From Booth 12:
RaeNosa Hudnell: What was your research process [for A Brief History of Seven Killings]?
Marlon James: I am an extremely exhaustive researcher. The book I’m writing now, I’ve been researching since spring 2014. That is two years of research before I have even sat down to write. Even the stuff I know, I like to know more about it. The interesting parts in a novel often come from the stuff you pick up in research. The stuff that makes a character feel natural,d the organic way in which people live their lives, the almost trivial stuff, is important to know when you start writing. For me, this is when the book starts to take off, when I can have my character contemplate multiple outcomes because they can’t and wouldn’t be able to afford gas that week.
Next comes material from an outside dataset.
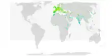 - Temperate areas of Europe, North Africa, the Middle East, and Asia north of the Hindu Kush-Himalaya mountain ranges to the NW Sea of Okhotsk region. Northern Asian populations migrate south in winter, apparently not crossing the Himalayas but diverting to the west.

It’s all good to know who was in power, but how much was a tube of toothpaste and could the characters afford it? If they couldn’t, what would they do? Would they run to Mom’s house and steal toothpaste? Could that lead to an argument where Mom is telling them to grow up? That is when the characters become real. But I research everything from society to politics to the price of food and clothing at that time. When I start writing, I commit and go full speed ahead. I don’t stop. I need to know as much as I can to do that. I do some more research after I finish a draft or a chapter, so I can look back and ask if this could really happen. What’s a better way to write this? Would this type of character even exist? Was the record I referenced the number one record? Would that be playing on the radio? Would the character like that song or just shut it off? That is where research helps me the most. It’s not the big things. You can google that. It’s the details.